Dr. Said Jahanmir, ASME President-nominee, provided welcoming remarks, and Dr. Thomas Kurfess from Georgia Institute of Technology, who also serves as an ASME Manufacturing Public Policy Task Force Co-Chair, moderated the briefing. Panelists included Brennan Grignon from the Department of Defense, Dr. Laurie Leshin from Worcester Polytechnic Institute (WPI), Dr. Laine Mears from Clemson University, Stephen Ezell from the Information Technology and Innovation Foundation (ITIF), and Denise Peppard from Northrop Grumman Corporation.
The Manufacturing Engineering Education Grant Program was signed into law in December 2016 as part of the 2017 National Defense Authorization Act (NDAA), thereby authorizing the Department of Defense to support industry-relevant, manufacturing-focused, engineering training at U.S. institutions of higher education, universities, industry, and not-for-profit institutions. Grantees are selected through a competitive process on the merits of better aligning their educational offerings with the needs of modern U.S. manufacturers.
This new program has great potential to strengthen national security and increase economic competitiveness by improving and modernizing the U.S. industrial base. Through this program, students, technologists, and manufactures will be better equipped to manufacture U.S. military equipment and technology domestically, protecting and securing the future of the American Warfighter. The Manufacturing Engineering Education Grant Program will not only strengthen the U.S. military’s capabilities, but will also allow the U.S. to compete against other nations economically as well.
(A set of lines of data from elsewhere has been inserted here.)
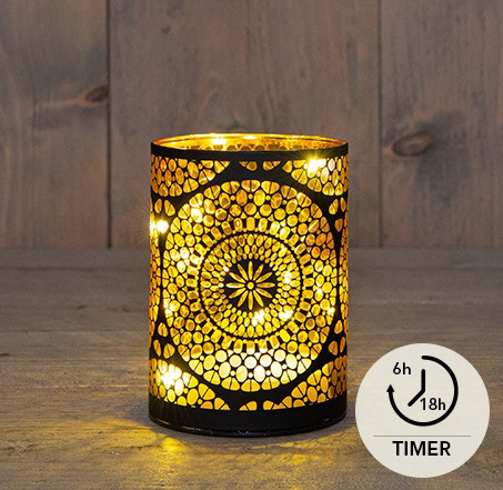 Glaszylinder Marrakesch - Schwarz/Gold D9H12 cm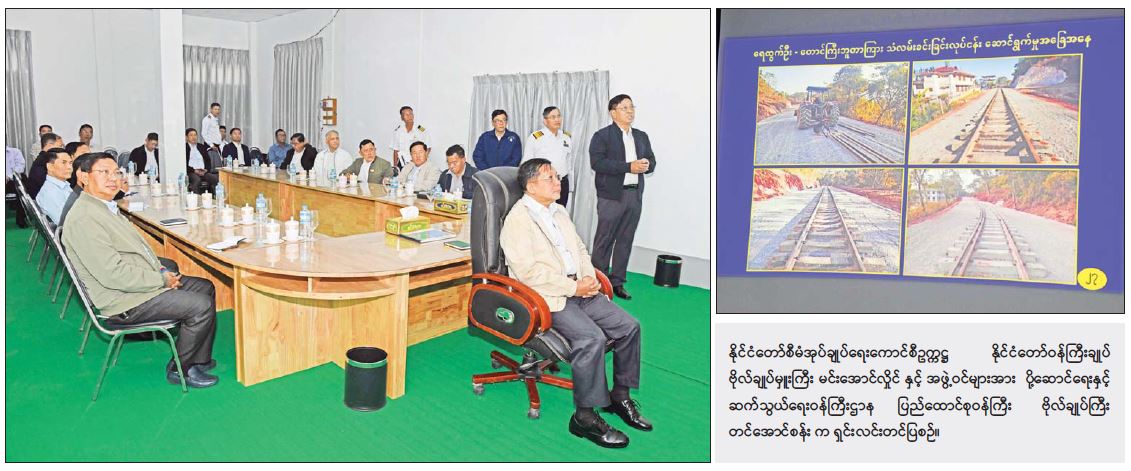 ရှင်းလင်းတင်ပြမှုများအပေါ် နိုင်ငံတော်စီမံအုပ်ချုပ်ရေးကောင်စီဥက္ကဋ္ဌ နိုင်ငံတော်ဝန်ကြီးချုပ်က ရထားလမ်းသယ်ယူပို့ဆောင်ရေးသည် ဒေသအတွက် များစွာအကျိုးရှိစေမည့် စီမံကိန်းတစ်ခုဖြစ်ကြောင်း၊ ယခု  ရွှေညောင်-တောင်ကြီး ရထားလမ်းပိုင်း အဆင့်မြှင့်တင်ရေးစီမံကိန်းကို သာမာန်ခရီးသွားပြည်သူများ သွားလာအသုံးပြုနိုင်ရန်၊ ကုန်စည်များပိုမိုကူးသန်းရောင်းဝယ်နိုင်ရန်၊ ဒေသတွင်းရှိ တွင်းထွက်ပစ္စည်းများနှင့် ထုတ်ကုန်ပစ္စည်းများ ပိုမိုကူးသန်းရောင်းဝယ်နိုင်ရန်၊ ခရီးသွားပြည်သူများကို ဆွဲဆောင်နိုင်ရန်ရည်ရွယ်ကြောင်း၊ နောက်ပိုင်းတွင် ပအိုဝ်း ဒေသအထိ တိုးချဲ့ပြေးဆွဲနိုင်ရေး ရည်ရွယ်ကြောင်း၊ သံလမ်းခင်းရာ၌ လမ်းခင်းကျောက်ထည့်သွင်းမှု၊ တံတားများ ထည့်သွင်းတည်ဆောက်မှုတို့ကို သတ်မှတ်အရည်အသွေးနှုန်းထားများအတိုင်း ပြည့်မီစွာခင်းကျင်းရန်လိုကြောင်း၊ လုပ်ငန်းလျင်မြန်စွာပြီးစီးစေရေးကိုသာ ဦးစားပေးဆောင်ရွက်ခဲ့ပြီး အရည်အသွေးပြည့်မီမှုမရှိခြင်းများ မဖြစ်စေလိုကြောင်း၊ ဘဝသံသရာ ရထားလမ်းအတိုင်း စနစ်တကျတည်ဆောက်ရန်လိုကြောင်း၊ ကားလမ်းများအနီးတွင်ရှိသည့် ရထားသံလမ်းပိုင်းနေရာများတွင် ဘေးအန္တရာယ်ကင်းရှင်းမှုရှိစေရေး အကာအရံဆောင်ရွက်ပေးရန်လိုကြောင်း၊ မြေထိန်းနံရံ(Toe Wall)များ၊ ရေကာနံရံများနှင့် ရေထုတ်ပြွန်များ၊ ရေထုတ်မြောင်းများကိုလည်း စနစ်တကျထည့်သွင်းဆောင်ရွက်သွားရန်လိုကြောင်းဖြင့် မှာကြားသည်။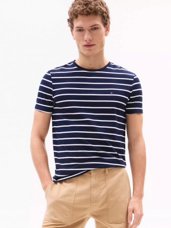 Tommy Hilfiger men's T-shirt. Made from premium stretch cotton for ease of movement, our extra-slim cut tee fits just right. It's the perfect base layer that also works well on its own with jeans or chinos. It might be a wardrobe basic, but it's much more than that.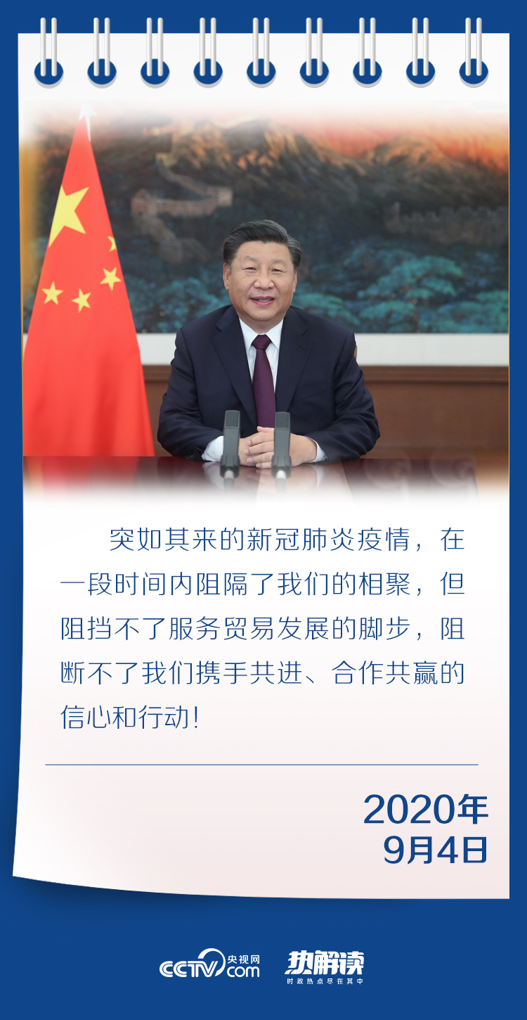 习近平主席在2020年中国国际服务贸易交易会全球服务贸易峰会的致辞中提出3点倡议:共同营造开放包容的合作环境;共同激活创新引领的合作动能;共同开创互利共赢的合作局面。

In the area of advanced manufacturing, the U.S. is currently competing commercially against a range of European and Asian nations for global innovation advantage in areas of advanced manufacturing. Countries such as Germany and Austria, who dedicate a larger percentage of their economy to manufacturing (23 percent and 19 percent respectively) than the United States (12 percent) are pursuing several workforce development initiatives that call for revamping engineering curriculum and workforce training opportunities to better align manufacturing and engineering education more closely with the current and future needs of industry.